PerseusDL / canonical-greekLit

XML Canonical resources for Greek Literature
https://scaife.perseus.org
Creative Commons Attribution Share Alike 4.0 International
102 stars 95 forks source link

Unicode consistency #1412

Open gcelano opened 1 year ago

gcelano commented 1 year ago

There are a few texts (see below) whose Greek does not correspond to their normalized form ("NFC"). In many cases, for example, similar characters come either from the Unicode block "Greek Extended" or from the Unicode block "Greek and Coptic" (usually without being possible to distinguish them visually). I'm wondering whether one may want to check (future) texts for Unicode normalization before adding them to the repository. This discrepancy can potentially harm further automatic processing of the texts. (This is a short script that could handle this issue, if needed)

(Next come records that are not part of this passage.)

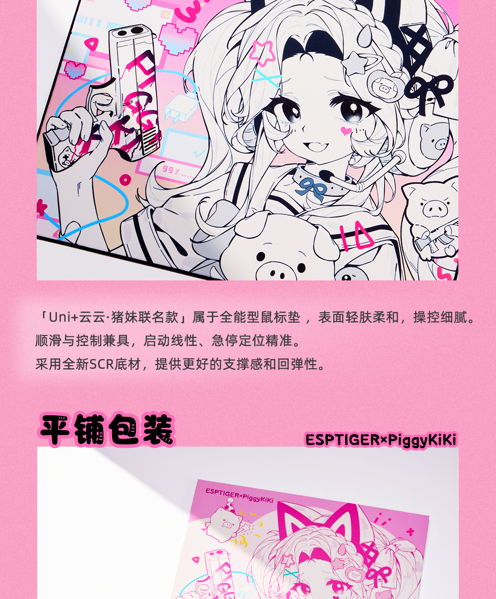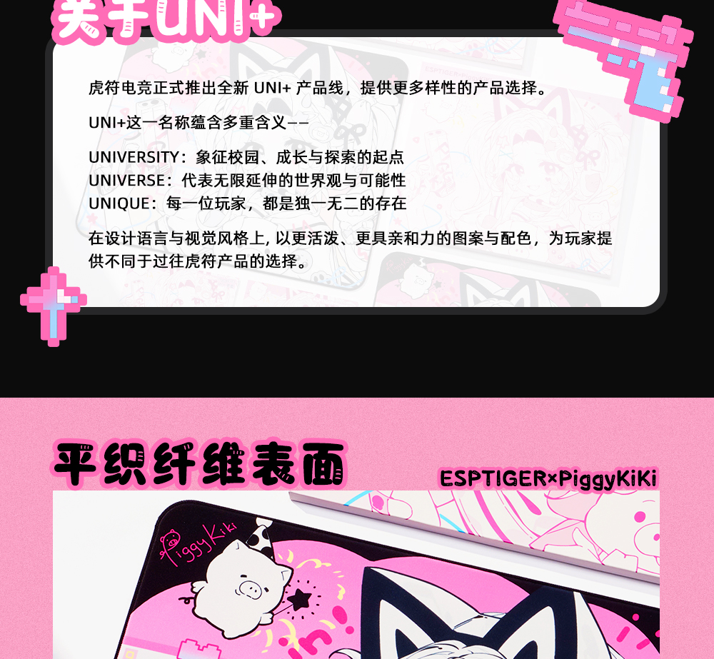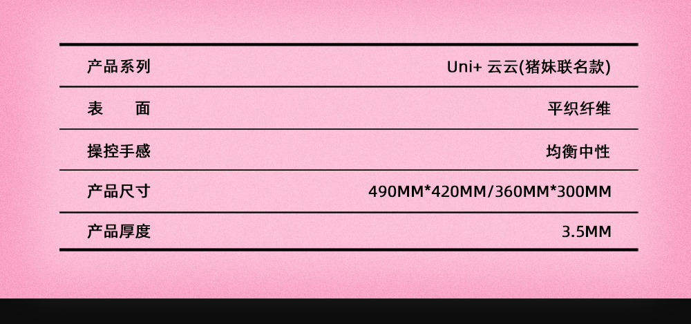 本次UNI+系列特别推出虎符电竞与COUNTER-STRIKE 反恐精英前职业选手猪妹PIGGYKIKI共同打造的联名合作款--「Uni+云云」,本次联名以职业选手的实际使用需求为出发点,结合猪妹PIGGYKIKI对电竞外设的设计想法,在底胶软硬度与布面纹理设计上进行针对性优化,呈现出一款兼具竞技性能与个性表达的联名产品。「Unit云云·猪妹联名款」属于全能型鼠标垫,表面轻肤柔和,操控细腻。顺滑与控制兼具,启动线性、急停定位精准。采用全新SCR底材,提供更好的支撑感和回弹性。
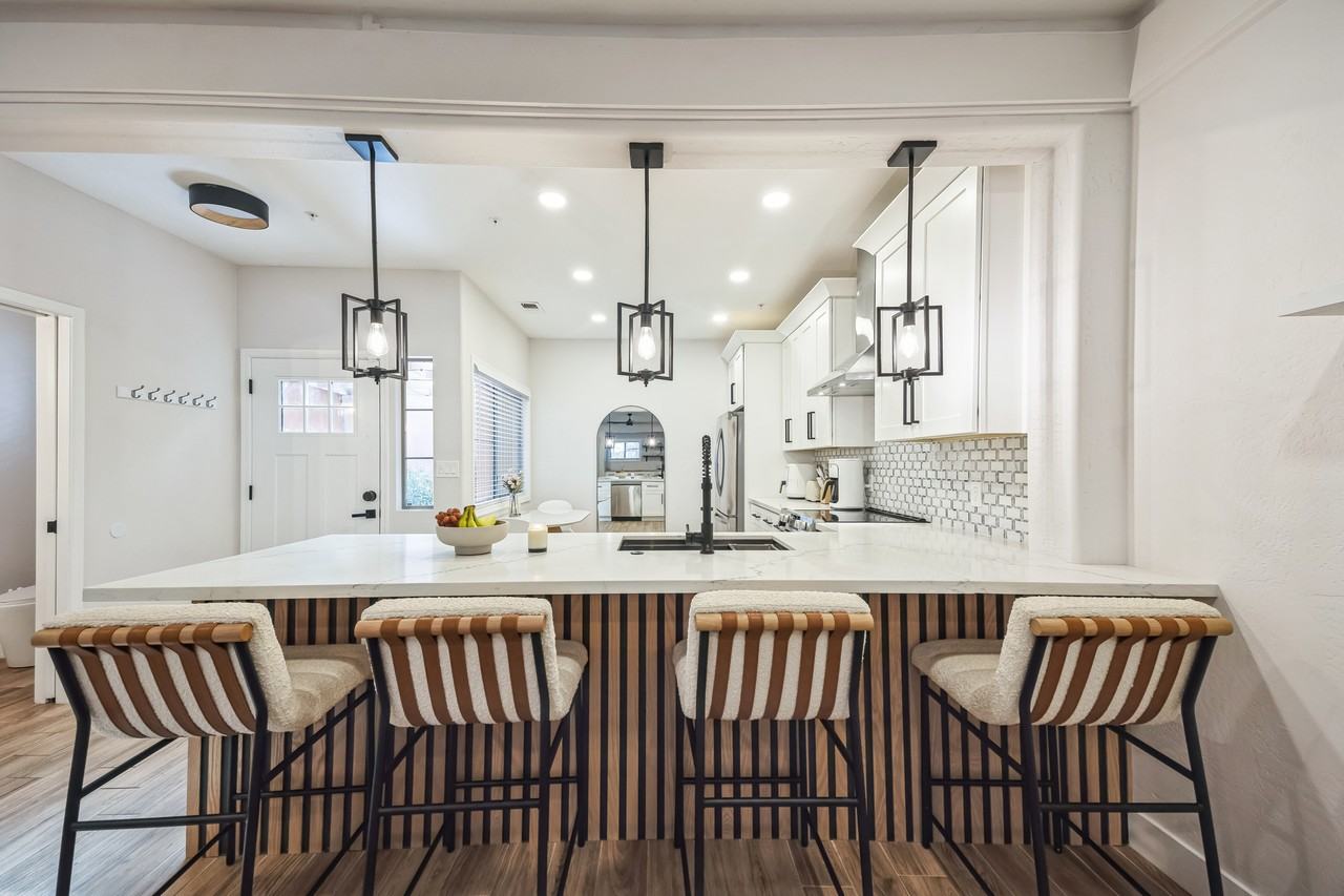 Gorgeous *FURNISHED* 2BR/2.5BA Sedona Townhome with Iconic Views & Prime Location. Newly remodeled and perfectly situated between the iconic Thunder Mountain, Peace Park and Airport Mesa Vortex. Two bright & equally spacious masters with private baths. Red Rock Views of Thunder Mountain. One of the few locations where you can walk to the movie theater, coffee shops and local restaurants. Directly behind the home you can find a park just a 5 minute walk away. The neighborhood is beautifully manicured with stunning landscaping and private sidewalk. Step into your Sedona escape at this fresh, newly remodeled townhome, designed for relaxation, adventure, and everything in between. Nestled in the highly sought-after West Sedona, this home offers a perfect blend of modern comfort, stunning scenery, and unbeatable convenience. Why Guests Will Love Staying Here Spacious & Stylish: With two floors of thoughtfully curated, bright, and modern interiors, this home is perfect for families, couples, or friends. Two Private Master Suites: Both upstairs bedrooms are equally spacious, each with a private en-suite bathroom, giving everyone their own retreat. There's also a convenient half bath downstairs. Please note: the second bedroom is currently being used as an office, but will be furnished as bedroom for your rental. Elevated Views: Wake up to Sedona's magic! Upstairs, the back master suite offers red rock views of iconic Thunder Mountain, while the front master suite overlooks the serene neighborhood. Outdoor Bliss: Enjoy morning coffee on the front patio bistro or gather with friends on the back patio, complete with a fire pit and dining area under Sedona's starry skies. Unbeatable Location: Explore the best of Sedona right outside your door. Walk to local coffee shops, local favorite restaurants, and entertainment. Love the outdoors? You're just minutes from Sedona's famous hiking and biking trails. Extra Perks for an Unforgettable Stay Reserved Parking: A private space right in front of the home makes coming and going effortless. Quiet & Serene Neighborhood: One of the most beautifully maintained townhome areas in Sedona, with peaceful surroundings and well manicured landscaping. Why Choose Sedona's West Side? West Sedona is where locals go for authentic charm and convenience. From the most notable dining options to quick access to Sedona's world-famous red rock trails, this is the place to be. You're close to everything, yet having a local experience. This is more than a rental it's your home base for making lasting memories in Sedona's most magical setting.
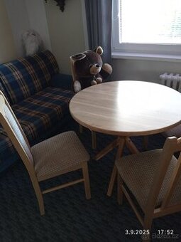 Prodam jidelni stul z masivniho dubu v prirodni barve.Prumer stolu 90cm.Sila desky 3cm + 4 ks zidli.Cena za komplet 9000,-Kc.Mozno i zvlast.Stul 7000,-Kc,zidle 2000,-Kc
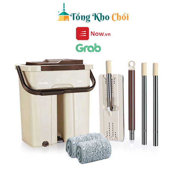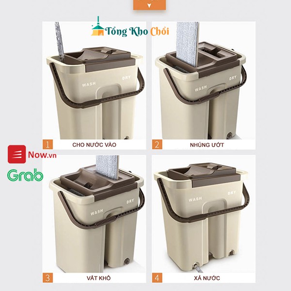 - Thùng 2 ngăn : 1 ngăn vắt khô tự động - 1 ngăn chứa nước để giặt cây lau
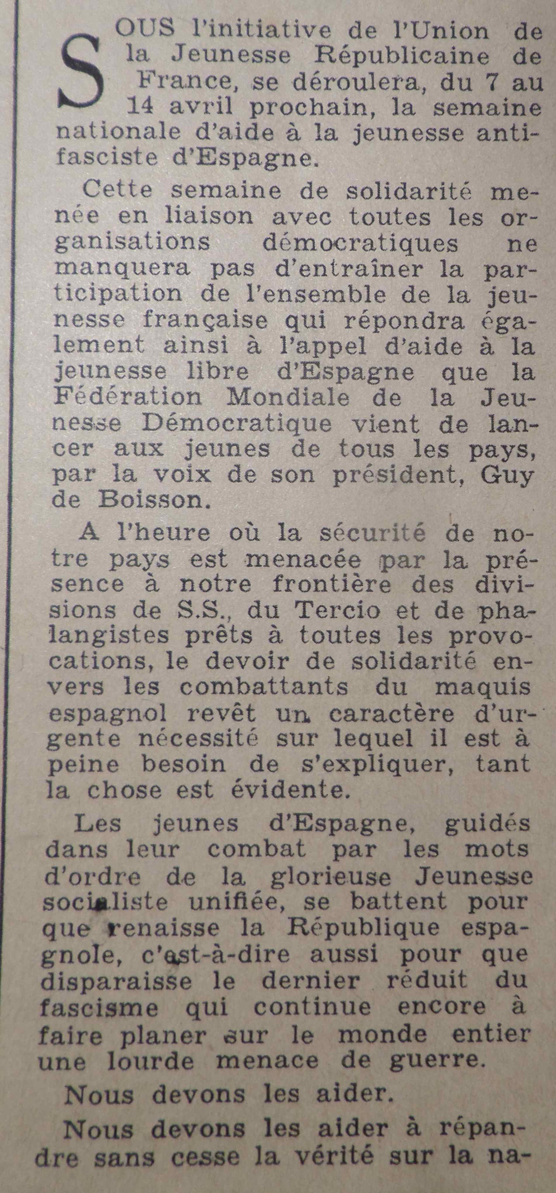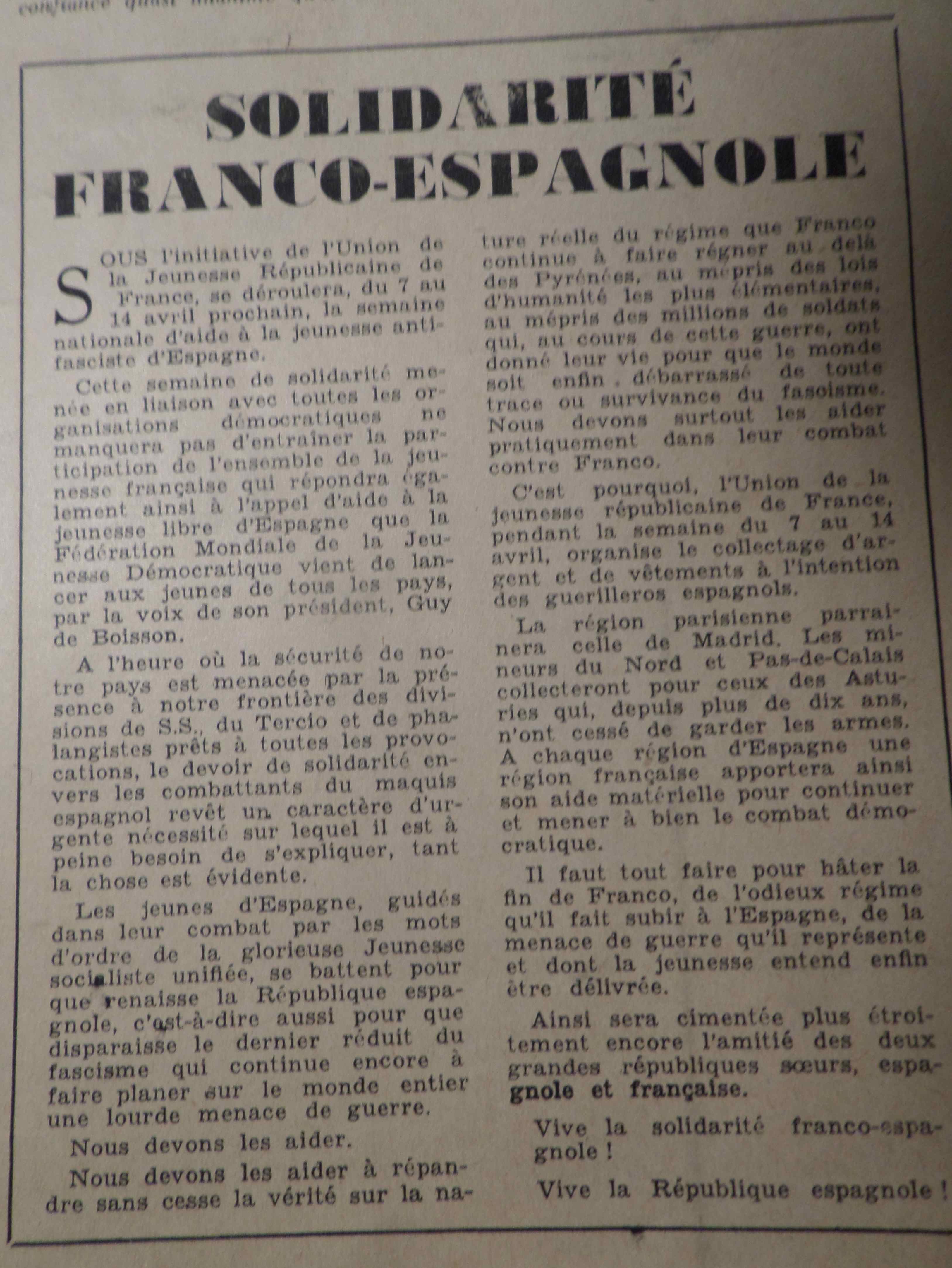 Mais pour celui présenté, un article en page 3 appelle carrément la jeunesse à la lutte contre le régime franquiste, pour soutenir les guérilleros combattant dans la clandestinité.
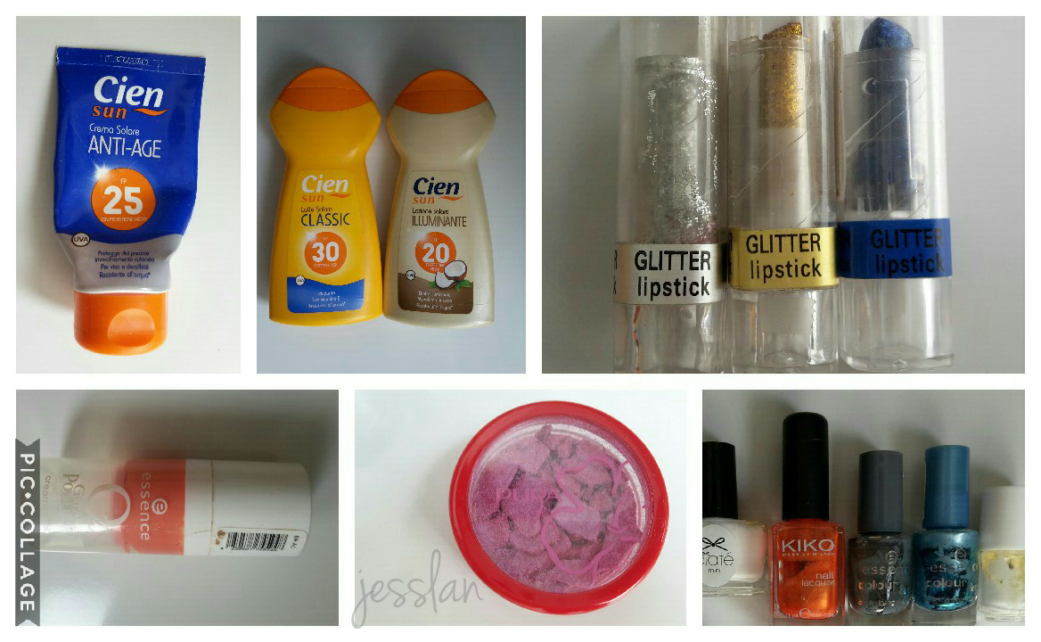 Inoltre ho eliminato due smalti Essence vecchi e ormai andati a male, uno smalto H&M mignon, uno smalto Ciatè e uno smalto arancione Kiko. Inultile dire che non ricomprerò nessuno di questi perché non esistono più. Idem dicasi per tre stick glitter (oro, argento e blu) che appartengono al paleolitico e che credevo di aver già buttato ma evidentemente no.
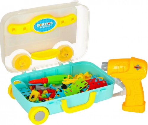 - kofer, perforirana ploča, obojeni vijci i oblici, bušilica, odvijač, knjižica s predlošcima

(partial list based on an older release)

tlg0033.tlg003.perseus-grc2/tlg0033.tlg003.perseus-grc2.xml tlg3135.tlg001.opp-grc3/tlg3135.tlg001.opp-grc3.xml tlg0031.tlg027.perseus-grc2/tlg0031.tlg027.perseus-grc2.xml tlg0011.tlg002.perseus-grc2/tlg0011.tlg002.perseus-grc2.xml tlg0008.tlg001.perseus-grc4/tlg0008.tlg001.perseus-grc4.xml tlg0551.tlg009.perseus-grc2/tlg0551.tlg009.perseus-grc2.xml tlg0086.tlg034.digicorpus-grc1/tlg0086.tlg034.digicorpus-grc1.xml tlg0551.tlg014.perseus-grc2/tlg0551.tlg014.perseus-grc2.xml tlg0033.tlg002.perseus-grc2/tlg0033.tlg002.perseus-grc2.xml tlg0090.tlg001.opp-grc1/tlg0090.tlg001.opp-grc1.xml

gregorycrane commented 1 month ago

I have addressed the particular issue with using precomposed Greek for Aristotle's Poetics. I ran the conversion over the whole file. The results are stored here:

https://github.com/gregorycrane/Poetics2.0/blob/main/grc/tlg0086.tlg034.digicorpus-grc2.xml

I think it more efficient if @lcerrato and/or @AlisonBabeu check this file for any obvious issues (it parses and seems fine to me) and then use this to replace the current file.